La tribune internationale de Montréal
Simon  Brault, Louise Lantagne, Vanessa Kanga, Natasha Kanapé Fontaine

Faire rayonner notre culture et nos valeurs dans le monde

9 mars 2021 Simon Brault Directeur et chef de la direction, Conseil des arts du Canada Louise Lantagne Présidente et chef de la direction, SODEC Vanessa Kanga Fondatrice et responsable des partenariats internationaux, Festival Afropolitain Nomade Natasha Kanapé Fontaine Poète, autrice, actrice et artiste visuelle
Série Culture
Modératrice

Rebecca Makonnen
Animatrice radio et télé,
Radio-Canada

Tout le monde le sait, il va y avoir un engorgement sur notre territoire, alors imaginez à l’international. La relève devra continuer à prendre sa place face à cet engorgement.

  Revue de presse

 

Thèmes abordés :

  • Promouvoir et faire rayonner la création artistique et littéraire de la relève d’ici sur la scène internationale
  • Accroitre notre présence internationale grâce au numérique : enjeux et opportunités
  • Développer la coopération culturelle internationale, notamment au sein de la Francophonie

Compte rendu de l'événement :

Simon Brault a débuté la discussion en mentionnant qu’après la pandémie, il faudra reconstruire les plateformes de diffusion culturelle et s’assurer que les artistes aient le financement nécessaire à la reprise de leurs activités. Il croit également que les modèles prépandémiques devront être revus, notamment parce qu’une nouvelle génération de promoteurs, plus encline à la diversité et à la nouveauté, se met en place. Louise Lantagne a par la suite rappelé la collaboration entre la SODEC et LOJIQ, qui a permis de développer la relève artistique et les futurs entrepreneurs culturels. Elle craint cependant que lors du retour à la normale, l’engorgement prévu puisse favoriser les artistes établis au détriment de la relève.
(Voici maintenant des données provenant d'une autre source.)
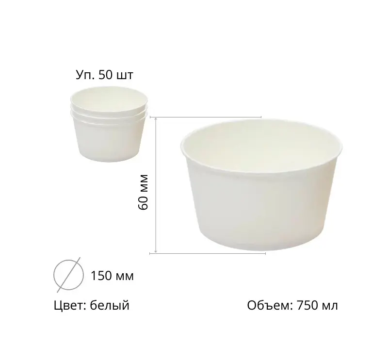 Контейнер бумажный круглый, отлично подходит для салатов, закусок, овощных нарезок.
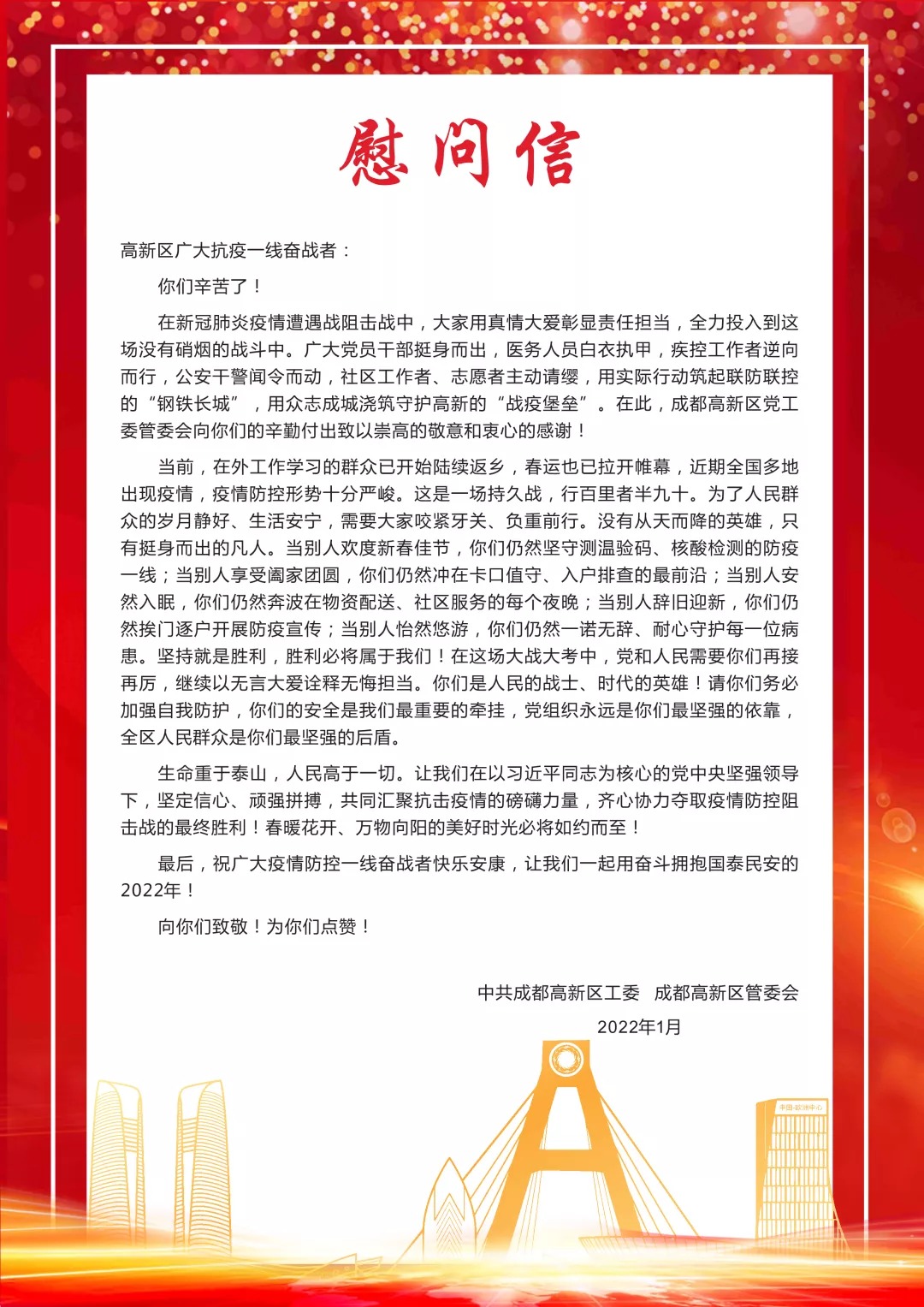 致成都高新區(qū)廣大抗疫一線奮戰(zhàn)者的一封信
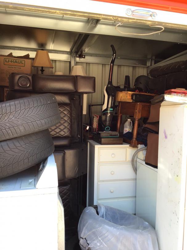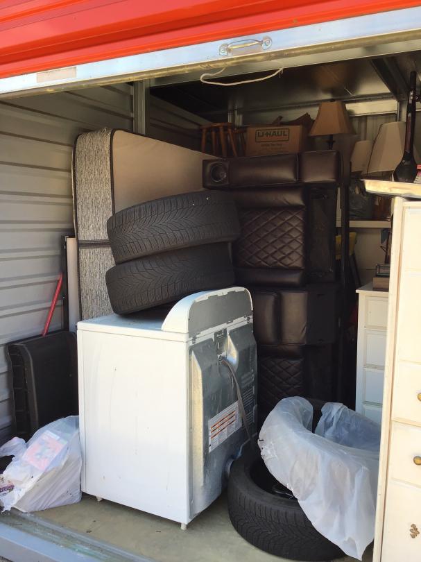 This unit appears to contain…10x10x9 Drive Up 1st Floor Outside Level No Climate. Unit appears to contain dryer/washer, dresser, tires, vacuum, couch, mattress, lamps, stools, boxes, hutch, timberland shoe box, video games.
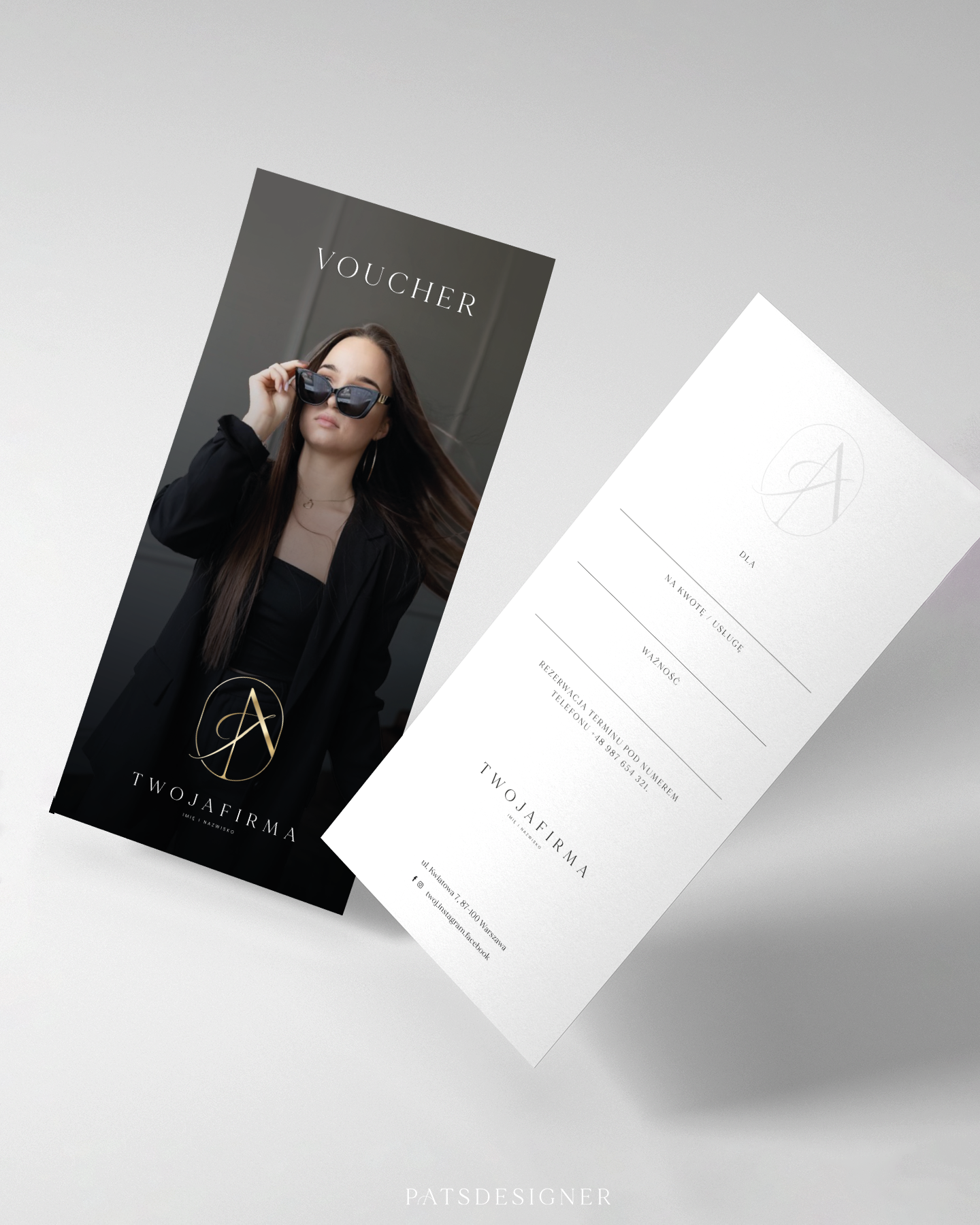 Logo w formacie wektorowym, zdjęcie w dużej rozdzielczości (200-300+ PPI), określenie kolorystyki w jakiej voucher ma być wykonany oraz dane do umieszczenia w projekcie lub inne wymagania wyślij na adres e-mail zamowienia@patsdesigner.pl.
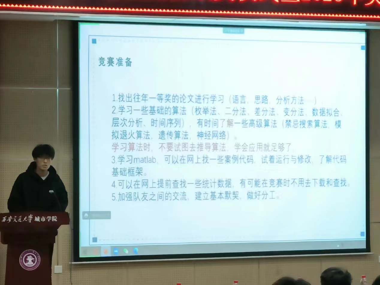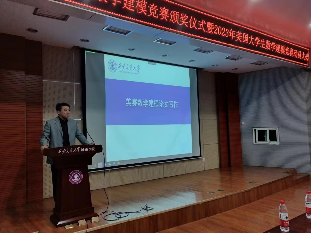 2023年美国大学生数学建模竞赛即将举行。为了鼓舞广大参赛队员取得佳绩,学院副院长朱旭教授为赛事做了赛前动员,并分享自己多年以来指导建模竞赛的宝贵经验。朱副院长对各位指导老师在数学建模竞赛方面所做的工作、辛勤付出和取得成绩表示肯定,同时,强调了数学建模的重要性,希望各位同学积极参与建模,激发自主学习和创新精神,在竞赛中展现自我,脱颖而出,收获荣誉、知识与快乐。
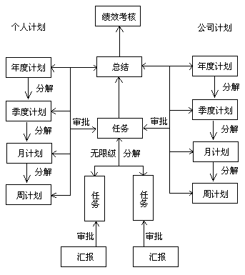 從上面流程圖可以看出,個(gè)人計(jì)劃,公司計(jì)劃,任務(wù)管理是緊密結(jié)合在一起的,是一個(gè)循環(huán)的整體。
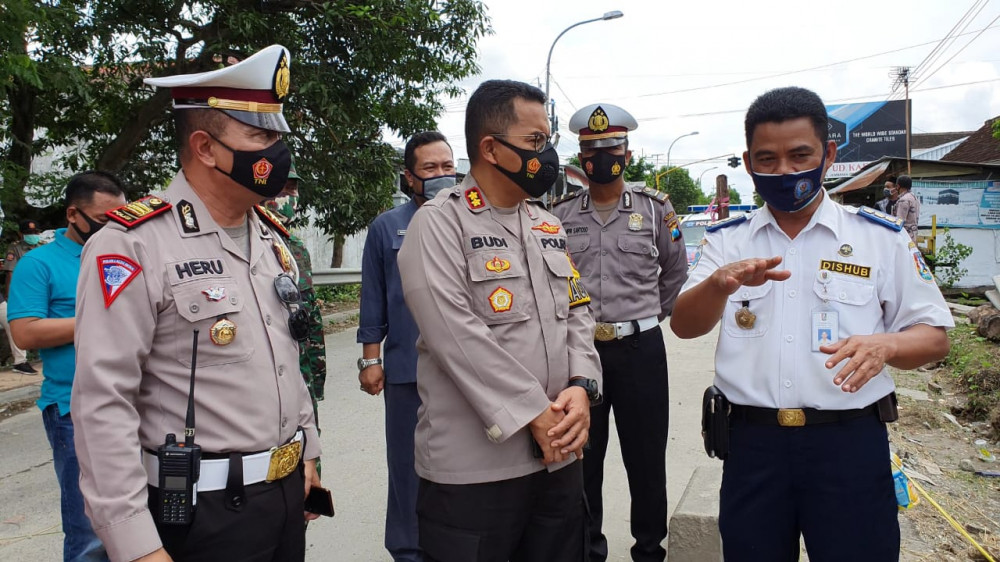 Bojonegoro - Kapolres Bojonegoro, AKBP M Budi Hendrawan SIK MH, didampingi Kasat Lantas Polres Bojonegoro, Dinas Perhubungan (Dishub) Kabupaten Bojonegoro dan Tuban, Dinas Pekerjaan Umum Bina Marga dan Penataan Ruang (PUPR) Kabupaten Bojonegoro dan Tuban, pada Sesala (03/11/2020) siang, laksanakan pemantauan atau pengecekan kondisi Jembatan Glendeng, yang alami kerusakan pada tembok penahannya yang retak.

La discussion s’est poursuivie sur le thème du numérique. Vanessa Kanga a souligné la fracture numérique entre les régions du monde, tout en reconnaissant que le numérique facilite les rencontres et démocratise certains accès. Pour Natasha Kanapé Fontaine, le virage numérique a permis à certains artistes de se réinventer en temps de pandémie, mais qu’ils doivent se protéger pour éviter que leurs œuvres ne soient utilisées sans leur consentement. Simon Brault a soutenu que les subventions à la création numérique ont permis à des artistes inconnus de se faire connaître. Sur les géants du web, Louise Lantagne croit qu’ils accordent une visibilité extraordinaire aux artistes, mais que ces derniers ne doivent pas renoncer à leur propriété intellectuelle pour être promus à l’international.

Par la suite, le thème de la Francophonie a été abordé. Pour Vanessa Kanga, l’avenir de la Francophonie passe par le continent africain, qui connaît une croissance démographique importante, mais dont les artistes sont sous-financés et font face à plusieurs barrières qui freinent leurs démarches. Simon Brault a rajouté qu’il faudra augmenter les efforts de diplomatie culturelle avant que le marché africain ne soit rentable.

La discussion s’est conclue sur des questions du public. La première touchait les régions priorisées pour la promotion des créations artistiques canadiennes. Simon Brault est d’avis qu’il faudrait prioriser le continent sud-américain. Louise Lantagne estime qu’il y aura plusieurs opportunités post-pandémie, notamment au Salon du livre de Francfort. La dernière question abordait le lien entre le développement de la culture à l’international et la capacité d’accueillir des évènements ici. Vanessa Kanga estime que les deux sont liés et permet d’assister à des rencontres improbables. Simon Brault a conclu qu’il faudrait accueillir davantage d’artistes de l’étranger après la pandémie pour étendre nos horizons. .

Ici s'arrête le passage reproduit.